CUDA kernel functions execute on the GPU and in GPU memory. Since GPU memory is allocated and managed differently than RAM, many Julia functions will not work in CUDA kernels. Most importantly, Julia functions that allocate dynamically sized arrays will not work. This means that even matrix multiplication like θ = ixx*xy will fail (if ixx or xy are dynamically allocated) since it allocates an array for θ. You can, however, have local scalars, tuples, and StaticArrays within a kernel function. The key difference is that the sizes of these types are known at compile time. If ixx and xy are StaticArrays, then you can do something like θ = ixx*xy. Since the compiler knows the size of ixx and xy, the compiler also know the size of θ. However, even with StaticArrays you must be careful with operations that that create new StaticArrays (like matrix multiplies). These will cause problems if called repeatedly within a loop.2

It is possible to dynamicaaly allocate GPU memory within a kernel function, but it requires using the low-level interface to CUDA in CUDA.jl. Moreoever, it is generally not a good idea to be dynamically allocating and freeing memory in each of the thousands of threads you execute.3

GPU grid bootstrap

s = @code_string argridbootstrap_gpu(est.e, y0, grid=αgrid, nboot=nboot, RealType=Float64)
code_md(s)
function argridbootstrap_gpu(e, y0;
                             grid = 0.84:(0.22/20):1.06,
                             nboot=199, RealType = Float32)
  g = length(grid)

  P = 3
  # Allocate GPU memory
  bootq = CuArray(zeros(RealType, nboot, g))
  ba    = CuArray(zeros(RealType, nboot, g))
  bootse= CuArray(zeros(RealType, nboot,g))
  αg = CuArray(RealType.(grid))
  eg = CuArray(RealType.(e))
  ei = Int.(ceil.(length(e).*CUDA.rand(RealType,nboot,g,length(e))))

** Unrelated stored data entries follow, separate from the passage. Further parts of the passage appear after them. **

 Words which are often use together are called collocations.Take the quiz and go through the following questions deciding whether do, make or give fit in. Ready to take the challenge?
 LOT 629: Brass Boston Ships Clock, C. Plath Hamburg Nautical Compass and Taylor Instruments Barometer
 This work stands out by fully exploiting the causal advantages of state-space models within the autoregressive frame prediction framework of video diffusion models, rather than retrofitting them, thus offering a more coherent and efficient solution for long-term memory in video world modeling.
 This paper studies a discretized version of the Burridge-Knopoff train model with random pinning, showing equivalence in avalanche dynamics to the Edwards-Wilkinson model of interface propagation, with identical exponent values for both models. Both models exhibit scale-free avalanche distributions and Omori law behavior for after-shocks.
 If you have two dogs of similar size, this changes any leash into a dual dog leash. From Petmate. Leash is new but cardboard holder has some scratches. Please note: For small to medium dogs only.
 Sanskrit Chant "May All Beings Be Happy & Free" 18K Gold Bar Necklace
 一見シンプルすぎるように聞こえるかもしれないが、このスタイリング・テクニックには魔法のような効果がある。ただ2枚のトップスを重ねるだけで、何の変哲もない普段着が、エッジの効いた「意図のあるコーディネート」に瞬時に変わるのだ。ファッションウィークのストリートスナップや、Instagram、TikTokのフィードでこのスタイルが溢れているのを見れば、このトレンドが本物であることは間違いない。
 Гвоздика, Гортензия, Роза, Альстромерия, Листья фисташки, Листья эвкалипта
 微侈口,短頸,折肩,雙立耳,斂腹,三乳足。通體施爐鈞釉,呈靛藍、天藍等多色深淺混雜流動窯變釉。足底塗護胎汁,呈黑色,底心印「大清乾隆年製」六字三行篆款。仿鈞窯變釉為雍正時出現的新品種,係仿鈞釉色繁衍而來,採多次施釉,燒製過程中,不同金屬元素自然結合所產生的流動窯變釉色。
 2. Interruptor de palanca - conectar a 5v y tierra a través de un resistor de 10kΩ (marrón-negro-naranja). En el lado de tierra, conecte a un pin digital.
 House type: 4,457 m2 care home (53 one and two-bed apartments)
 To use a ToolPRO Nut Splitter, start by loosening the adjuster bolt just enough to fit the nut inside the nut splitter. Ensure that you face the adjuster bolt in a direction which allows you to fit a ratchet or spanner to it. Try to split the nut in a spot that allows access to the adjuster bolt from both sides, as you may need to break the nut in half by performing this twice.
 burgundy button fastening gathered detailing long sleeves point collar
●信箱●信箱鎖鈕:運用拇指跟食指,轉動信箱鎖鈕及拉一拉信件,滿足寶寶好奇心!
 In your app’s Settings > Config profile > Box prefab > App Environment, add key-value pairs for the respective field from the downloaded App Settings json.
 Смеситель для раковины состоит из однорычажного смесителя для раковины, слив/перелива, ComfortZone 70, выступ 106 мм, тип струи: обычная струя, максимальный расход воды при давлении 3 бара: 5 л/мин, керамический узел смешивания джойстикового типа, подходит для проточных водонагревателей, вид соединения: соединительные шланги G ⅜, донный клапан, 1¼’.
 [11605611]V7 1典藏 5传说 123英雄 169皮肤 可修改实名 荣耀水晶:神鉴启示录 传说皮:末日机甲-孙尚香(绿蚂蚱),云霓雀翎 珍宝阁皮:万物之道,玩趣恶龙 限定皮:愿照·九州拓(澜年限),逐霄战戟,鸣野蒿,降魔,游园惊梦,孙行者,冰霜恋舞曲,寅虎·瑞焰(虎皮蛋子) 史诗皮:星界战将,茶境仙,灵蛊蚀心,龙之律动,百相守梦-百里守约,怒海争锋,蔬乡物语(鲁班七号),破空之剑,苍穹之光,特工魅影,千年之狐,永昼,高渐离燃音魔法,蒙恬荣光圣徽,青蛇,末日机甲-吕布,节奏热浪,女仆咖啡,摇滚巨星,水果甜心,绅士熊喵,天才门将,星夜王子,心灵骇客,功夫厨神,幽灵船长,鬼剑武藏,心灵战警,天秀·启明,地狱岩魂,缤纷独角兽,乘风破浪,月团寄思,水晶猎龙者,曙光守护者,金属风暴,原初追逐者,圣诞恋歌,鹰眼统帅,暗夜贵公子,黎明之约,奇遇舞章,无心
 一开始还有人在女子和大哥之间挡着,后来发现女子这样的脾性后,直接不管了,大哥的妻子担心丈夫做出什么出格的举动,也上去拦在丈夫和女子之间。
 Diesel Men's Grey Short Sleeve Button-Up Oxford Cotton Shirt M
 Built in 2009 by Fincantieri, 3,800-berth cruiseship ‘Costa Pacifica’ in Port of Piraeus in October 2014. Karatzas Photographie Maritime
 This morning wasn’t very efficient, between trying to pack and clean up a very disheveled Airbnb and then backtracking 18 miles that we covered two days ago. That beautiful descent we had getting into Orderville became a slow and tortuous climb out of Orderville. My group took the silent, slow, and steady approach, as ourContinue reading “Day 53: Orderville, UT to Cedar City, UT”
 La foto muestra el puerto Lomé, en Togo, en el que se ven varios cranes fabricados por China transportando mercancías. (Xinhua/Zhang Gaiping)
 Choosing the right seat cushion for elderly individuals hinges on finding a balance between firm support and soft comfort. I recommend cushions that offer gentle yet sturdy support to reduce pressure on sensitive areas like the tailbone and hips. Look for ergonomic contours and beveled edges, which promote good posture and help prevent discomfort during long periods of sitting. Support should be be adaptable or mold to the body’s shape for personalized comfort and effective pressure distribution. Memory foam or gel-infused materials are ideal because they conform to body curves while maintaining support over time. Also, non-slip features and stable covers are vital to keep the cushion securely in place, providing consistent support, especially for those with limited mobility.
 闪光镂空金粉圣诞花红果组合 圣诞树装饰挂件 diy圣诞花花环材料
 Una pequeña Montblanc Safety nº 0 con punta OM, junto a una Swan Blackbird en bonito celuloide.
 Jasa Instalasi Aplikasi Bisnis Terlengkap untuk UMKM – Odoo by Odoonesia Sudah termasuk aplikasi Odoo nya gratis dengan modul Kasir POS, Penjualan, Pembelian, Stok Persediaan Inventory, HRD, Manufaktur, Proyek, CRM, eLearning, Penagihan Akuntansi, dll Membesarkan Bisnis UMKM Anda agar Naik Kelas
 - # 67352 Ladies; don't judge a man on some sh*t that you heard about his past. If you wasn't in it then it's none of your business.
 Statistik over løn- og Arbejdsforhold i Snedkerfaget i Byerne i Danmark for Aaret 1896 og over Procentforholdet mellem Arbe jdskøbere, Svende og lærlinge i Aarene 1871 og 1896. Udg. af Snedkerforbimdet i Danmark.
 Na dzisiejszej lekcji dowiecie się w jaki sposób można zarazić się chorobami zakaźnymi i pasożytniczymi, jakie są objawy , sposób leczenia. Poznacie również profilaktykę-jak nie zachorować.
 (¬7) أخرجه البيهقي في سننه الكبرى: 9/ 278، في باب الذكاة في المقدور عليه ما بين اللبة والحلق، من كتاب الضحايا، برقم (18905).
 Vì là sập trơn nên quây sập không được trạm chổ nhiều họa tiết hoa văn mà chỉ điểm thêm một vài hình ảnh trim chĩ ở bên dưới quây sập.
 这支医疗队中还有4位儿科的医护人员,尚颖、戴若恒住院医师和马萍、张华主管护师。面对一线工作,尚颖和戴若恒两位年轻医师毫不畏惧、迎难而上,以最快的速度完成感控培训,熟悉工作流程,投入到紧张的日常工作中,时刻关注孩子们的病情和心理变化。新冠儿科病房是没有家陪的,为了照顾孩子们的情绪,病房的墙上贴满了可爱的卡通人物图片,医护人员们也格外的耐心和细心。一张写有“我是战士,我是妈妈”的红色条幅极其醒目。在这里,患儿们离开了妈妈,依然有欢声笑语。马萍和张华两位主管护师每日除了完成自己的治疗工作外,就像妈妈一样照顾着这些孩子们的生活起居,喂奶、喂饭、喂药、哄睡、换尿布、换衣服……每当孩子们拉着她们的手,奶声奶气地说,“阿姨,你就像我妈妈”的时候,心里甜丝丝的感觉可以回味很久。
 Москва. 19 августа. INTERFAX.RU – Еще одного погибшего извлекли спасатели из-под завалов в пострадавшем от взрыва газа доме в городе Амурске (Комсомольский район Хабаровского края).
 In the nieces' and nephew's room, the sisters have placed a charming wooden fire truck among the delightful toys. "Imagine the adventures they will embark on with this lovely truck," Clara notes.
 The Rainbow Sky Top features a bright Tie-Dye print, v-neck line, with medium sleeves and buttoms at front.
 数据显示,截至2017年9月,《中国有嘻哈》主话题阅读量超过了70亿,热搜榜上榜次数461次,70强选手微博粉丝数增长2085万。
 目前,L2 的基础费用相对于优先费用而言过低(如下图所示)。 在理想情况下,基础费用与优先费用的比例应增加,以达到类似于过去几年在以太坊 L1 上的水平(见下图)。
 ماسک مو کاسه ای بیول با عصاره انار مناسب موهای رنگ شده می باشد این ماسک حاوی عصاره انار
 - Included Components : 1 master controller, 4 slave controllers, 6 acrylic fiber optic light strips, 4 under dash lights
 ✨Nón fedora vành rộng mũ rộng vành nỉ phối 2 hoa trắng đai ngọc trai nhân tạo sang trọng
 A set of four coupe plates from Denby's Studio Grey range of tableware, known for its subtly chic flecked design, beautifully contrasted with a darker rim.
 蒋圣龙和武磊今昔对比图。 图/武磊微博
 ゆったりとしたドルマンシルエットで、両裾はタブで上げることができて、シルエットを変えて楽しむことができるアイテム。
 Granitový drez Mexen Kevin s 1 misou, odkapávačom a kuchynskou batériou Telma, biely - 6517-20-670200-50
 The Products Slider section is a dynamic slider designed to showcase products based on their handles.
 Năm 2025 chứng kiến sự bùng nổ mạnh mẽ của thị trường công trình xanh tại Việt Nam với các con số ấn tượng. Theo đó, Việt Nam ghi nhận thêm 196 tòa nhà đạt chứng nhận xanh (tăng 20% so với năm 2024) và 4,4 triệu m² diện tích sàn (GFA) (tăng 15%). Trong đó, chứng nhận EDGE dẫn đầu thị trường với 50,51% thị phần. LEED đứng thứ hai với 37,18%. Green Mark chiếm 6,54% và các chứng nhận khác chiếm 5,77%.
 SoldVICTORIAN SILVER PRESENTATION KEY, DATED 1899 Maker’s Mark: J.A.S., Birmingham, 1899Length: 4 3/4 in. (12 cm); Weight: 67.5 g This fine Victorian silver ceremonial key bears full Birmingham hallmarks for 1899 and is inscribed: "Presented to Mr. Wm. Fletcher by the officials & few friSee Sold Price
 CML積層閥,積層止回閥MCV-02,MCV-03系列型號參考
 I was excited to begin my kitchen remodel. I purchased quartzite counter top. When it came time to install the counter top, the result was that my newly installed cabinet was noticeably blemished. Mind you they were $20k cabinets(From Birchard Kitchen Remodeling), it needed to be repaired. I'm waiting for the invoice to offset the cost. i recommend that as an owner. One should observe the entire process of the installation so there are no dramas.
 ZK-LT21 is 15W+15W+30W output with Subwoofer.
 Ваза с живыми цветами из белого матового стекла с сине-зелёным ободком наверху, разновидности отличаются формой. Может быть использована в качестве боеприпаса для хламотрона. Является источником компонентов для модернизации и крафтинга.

  # use of registers in gridkernel! limits the maximum threads to less
  # than the full 1024
  maxthreads = sizeof(RealType)<=4 ? 512 : 256
  gthreads =2^2
  bthreads =maxthreads ÷ gthreads
  bblocks = Int(ceil(nboot/bthreads))
  gblocks = Int(ceil(g/gthreads))

  @cuda threads=bthreads,gthreads blocks=bblocks,gblocks argridkernel!(ba,bootq,bootse,Val(1), eg, ei, αg)
  ts = ba./bootse
  (ba=collect(ba), t=collect(ts))
end
s = @code_string ARGridBootstrap.argridkernel!(1.,1., 1., Val(1), 1., 1. , 1.)
code_md(s)
function argridkernel!(ba,bootq, bootse,
                       ar::Val{P}, e, ei, αgrid) where P
  b = threadIdx().x +  (blockIdx().x-1)*blockDim().x
  ak= threadIdx().y + (blockIdx().y-1)*blockDim().y
  if (b>size(ba,1) || ak>size(ba,2))
    return nothing
  end
  T = size(ei,3)
  R = eltype(ba)
  xx = zeros(MMatrix{P+2,P+2,R})
  xy = zeros(MVector{P+2,R})
  xt = zeros(MVector{P+2,R})
  xt[1] = one(R)
  yy = zero(R)
  xx[1,1] = T-P
  xx[1,2] = xx[2,1] = (T+1)*T/2 - (P+1)*P/2 #sum((P+1):T)
  xx[2,2] = (2*T+1)*T*(T+1)/6 - (2*P+1)*P*(P+1)/6 #sum((P+1:T).^2)
  α = zeros(MVector{P+2, R})
  α[3] = αgrid[ak]
  @inbounds for t = (P+1):T
    xt[2] = t
    for i = 1:(P+2)
      for j = 3:(P+2)
        xx[i,j] += xt[i]*xt[j]
      end
    end
    y = e[ei[b,ak,t]] + dot(α,xt)
    for i in 1:(P+2)
      xy[i] += xt[i]*y
    end
    yy += y*y
    for i = 4:(P+2) # shift y lags
      xt[i] = xt[i-1]
    end
    xt[3] = y
  end

  for i = 3:(P+2)
     for j = 1:(i-1)
       xx[i,j] = xx[j,i]
     end
  end
  ixx = inv(xx)
  θ3 = zero(R)
  for i = 1:3
    θ3 += ixx[3,i]*xy[i]
  end
  ee = yy
  for i = 1:3
    for j = 1:3
      ee -= xy[i]*ixx[i,j]*xy[j]
    end
  end
  se3 = CUDA.sqrt(ixx[3,3]*ee/(T-(2*P+2)))
  bootq[b,ak]  = θ3
  bootse[b,ak] = se3
  ba[b,ak] = bootq[b,ak] - αgrid[ak]
  return nothing
end
@benchmark begin
  grid = argridbootstrap_gpu(est.e, y0, grid=αgrid, nboot=nboot, RealType=Float64);
end
BenchmarkTools.Trial: 2387 samples with 1 evaluation.
 Range (min … max):  1.478 ms … 23.069 ms  ┊ GC (min … max): 0.00% … 52.95%
 Time  (median):     1.947 ms              ┊ GC (median):    0.00%
 Time  (mean ± σ):   2.073 ms ±  1.657 ms  ┊ GC (mean ± σ):  4.00% ±  4.56%

                           ▁▁▁▃▆█▃                            
  ▂▂▁▂▂▂▂▂▂▂▂▃▃▃▂▃▃▄▅▇▇▇▆▇▆███████▆▄▃▃▂▂▂▂▂▂▂▂▂▂▂▂▂▂▂▂▂▂▂▂▂▂ ▃
  1.48 ms        Histogram: frequency by time        2.46 ms <

 Memory estimate: 569.27 KiB, allocs estimate: 229.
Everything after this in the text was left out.